In part 1 of this series, I tried out a few ways to compress a 1TB table. While I got decent results in my first attempt, I wanted to see if I could improve the performance in part 2. There I outlined a few of the things I thought might be performance issues, and laid out how I would better partition the destination table for optimal columnstore compression. I've already:
- partitioned the table into 8 partitions (one per core);
- put each partition's data file on its own filegroup; and,
- set archive compression on all but the "active" partition.
I still need to make it so that each scheduler writes exclusively to its own partition.
First, I need to make changes to the batch table I created. I need a column to store the number of rows added per batch (kind of a self-auditing sanity check), and start/end times to measure progress.
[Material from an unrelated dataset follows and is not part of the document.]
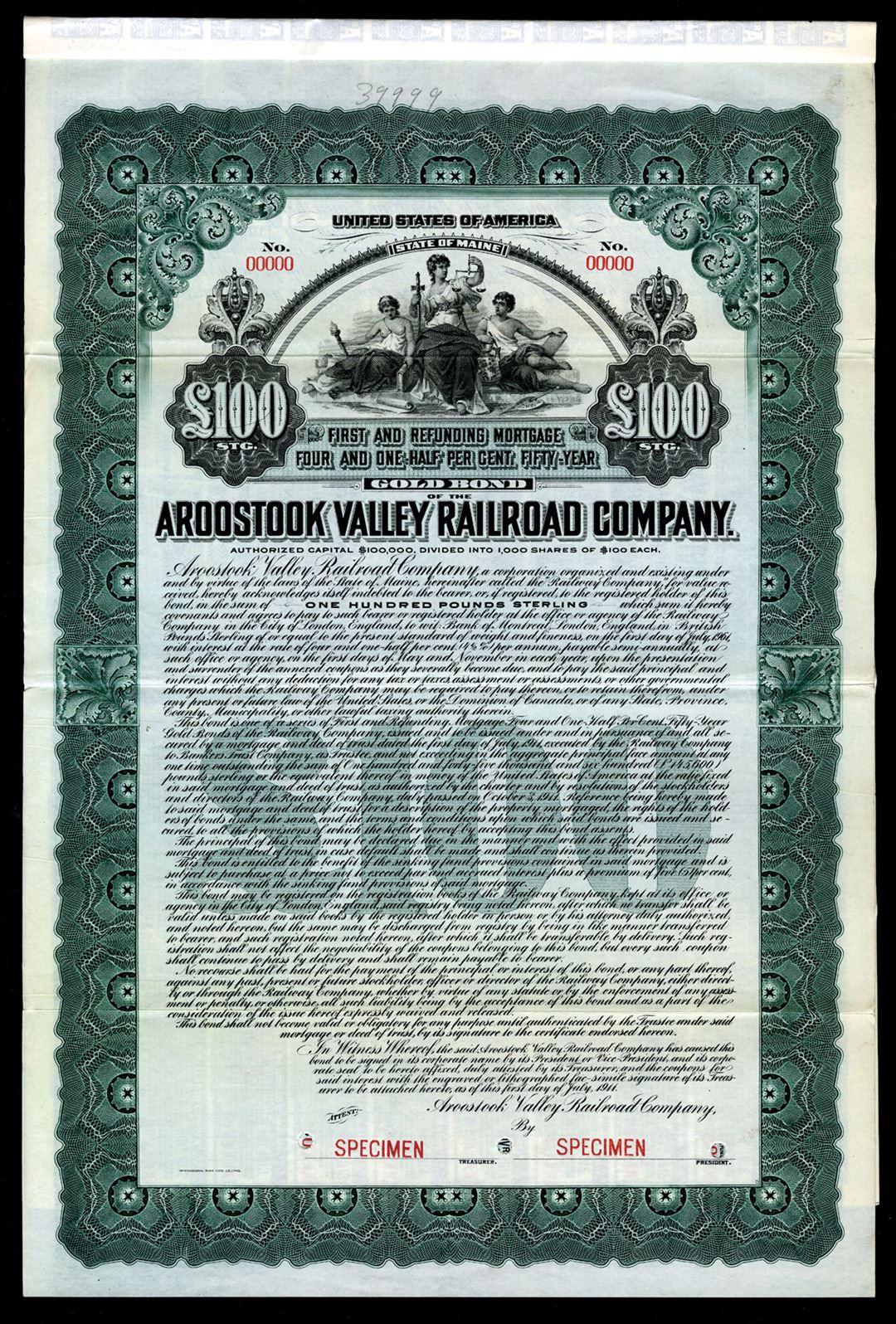 Maine, £100 Sterling, Specimen 4 1/2% 50 Year Gold Coupon Bond, Vertical format, Black on green border and underprint, Allegorical young women and man on top, VF-XF condition, IBNC. Unlisted Bond design and type in Cox. Unlisted as bond in Cox, only as a stock certificate. Rare bond and very attractive.

ALTER TABLE dbo.BatchQueue ADD
RowsAdded int,
StartTime datetime2,
EndTime datetime2;
Next, I need to create a table to provide affinity – we don't ever want more than one process running on any scheduler, even if it means losing some time to retry logic. So we need a table that will keep track of any session on a specific scheduler and prevent stacking:
CREATE TABLE dbo.OpAffinity
(
SchedulerID int NOT NULL,
SessionID int NULL,
CONSTRAINT PK_OpAffinity PRIMARY KEY CLUSTERED (SchedulerID)
);
The idea is I would have eight instances of an application (SQLQueryStress) that would each run on a dedicated scheduler, handling only the data destined for a specific partition / filegroup / data file, ~100 million rows at a time (click to enlarge):
App 1 gets scheduler 0 and writes to partition 1 on filegroup 1, and so on…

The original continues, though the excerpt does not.